The present invention has the advantage of being able to more accurately and objectively determine and diagnose faults through machine learning methods using virtual data and actual data of an air conditioning system.

Description

Technical Field [0001] The present invention relates to a fault detection and diagnosis method of an air conditioning system,

The present invention relates to a fault detection and diagnosis method of an air conditioning system, and more particularly, to a fault detection and diagnosis method of an air conditioning system for detecting and diagnosing faults using a machine learning method.
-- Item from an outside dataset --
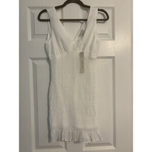 NWT She + Sky White Smocked Sleeveless Dress Small V Neck Lined
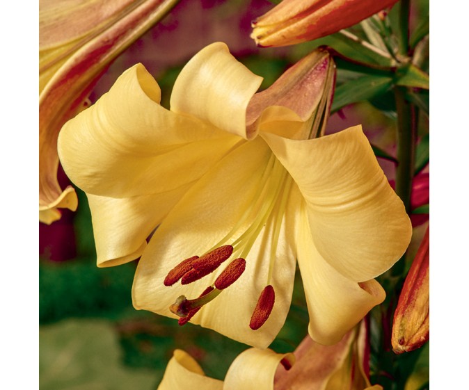 Lilia trąbkowa Golden Splendour (Lilium) to odmiana, która wnosi do ogrodu intensywny, ciepły akcent dzięki swoim dużym, żółtym kwiatom. Jej barwa jest promienna i pełna energii, dlatego świetnie sprawdza się w nasadzeniach blisko miejsc wypoczynku, gdzie można w pełni cieszyć się jej wyjątkowo przyjemnym zapachem. Na jednej łodydze Golden Splendour może wydać nawet do 20 dużych kwiatów, co daje imponujący efekt dekoracyjny. Charakterystyczne, mocno podkręcone płatki dodają kwiatom lekkości i elegancji, dzięki czemu lilia ta prezentuje się wyjątkowo efektownie w bukietach i kompozycjach ciętych.

Generally, the air conditioning system of a building is also referred to as an HVAC system (heating, ventilation and air conditioning system), and the facilities are becoming larger and more complicated due to the heightened and intelligent buildings. As the installation of the air conditioning system becomes larger and the control becomes complicated, the economic loss and the risk can be increased when the failure occurs. In the case of a gradual failure of the air conditioning system, the performance of the system is deteriorated over a long period of time, which may result in waste of energy and deterioration of the system stability. Accordingly, there is an increasing interest in performing fault detection and diagnosis of the air conditioning system in recent years.
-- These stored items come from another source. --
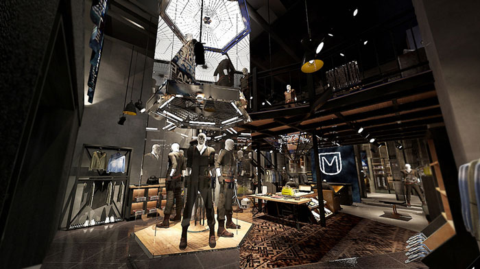 潮牌男裝專賣店二樓特效區域裝修設計案例效果圖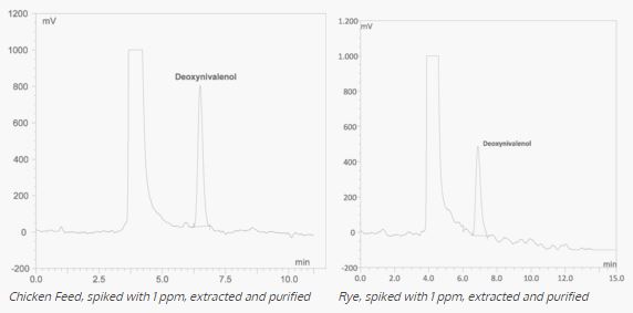 The material within the columns is retaining matrix components and interfering substances, whereas the toxin flows through. Deoxynivalenol and Nivalenol are passing the column with the same efficiency. The column bed consists of a dry material. It has no special requirements for storage.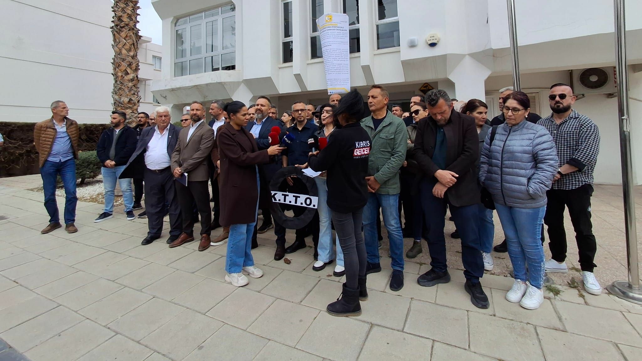 Kamuda örgütlü sendikalar, Kıbrıs Türk Ticaret Odası (KTTO) önünde protesto eylemi gerçekleştirdi.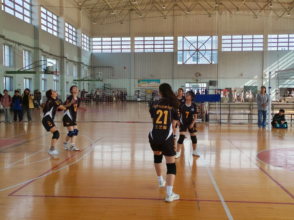 10月27日,在最后一场四强积分赛上,经法学院女排姑娘们在先丢一局的被动局面下没有因为第一轮比赛失利而气馁,她们稳住心态、沉着冷静地应对第二轮比赛。一声哨响,双方队员便开始了龙争虎斗,各施绝技,一个个精彩的扣球、拦网,双方队员都尽力发挥出个人优势,在战术上密切配合,拉开了令人窒息的持续赛,让在场观众欢呼不已。双方势均力敌,难分伯仲,对手方以微弱的优势领先,经法姑娘们临危不乱,配合默契,在老师的指导下力挽狂澜,在团队协作的力量下奋起直追将场面扭转!最终经法学院女排姑娘们连扳两局以总比分2:1赢得了本场比赛。

However, when a method of regularizing the characteristic values set by the manager and detecting a fault signal when the rule is not used is used, it is not reflected when the characteristic is changed due to the deterioration of the facility or the like, And the information about the actual data value is not reflected, resulting in a problem that the accuracy is lowered.

Korean Patent No. 10-0792714

An object of the present invention is to provide a fault detection and diagnosis method of an air conditioning system capable of more accurately detecting and diagnosing faults.
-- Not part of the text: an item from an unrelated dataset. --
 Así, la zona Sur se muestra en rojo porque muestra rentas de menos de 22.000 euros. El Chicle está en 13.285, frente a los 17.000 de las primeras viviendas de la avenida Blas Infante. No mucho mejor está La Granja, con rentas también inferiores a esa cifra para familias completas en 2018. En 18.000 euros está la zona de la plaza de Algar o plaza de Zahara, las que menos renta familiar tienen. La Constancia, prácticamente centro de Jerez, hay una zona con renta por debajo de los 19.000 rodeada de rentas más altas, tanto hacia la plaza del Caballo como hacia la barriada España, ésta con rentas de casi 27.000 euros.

A fault detection and diagnosis method of an air conditioning system according to the present invention includes the steps of generating virtual normal data and virtual abnormal data for a plurality of predetermined faults through simulation of an air conditioning system; Generating a machine learning diagnostic model that determines whether the virtual normal data and the virtual abnormal data are normal or abnormal with respect to the failures by mechanically learning the virtual normal data and the virtual abnormal data using a predetermined machine learning algorithm; Wherein the plurality of sensors measure data in real time and generate real time data when the air conditioning system is operated; And applying the real-time data to the machine learning diagnostic model to derive a diagnostic result from the machine learning diagnostic model to diagnose whether the fault is a steady state in which the fault has not occurred or an abnormal state in which the fault has occurred.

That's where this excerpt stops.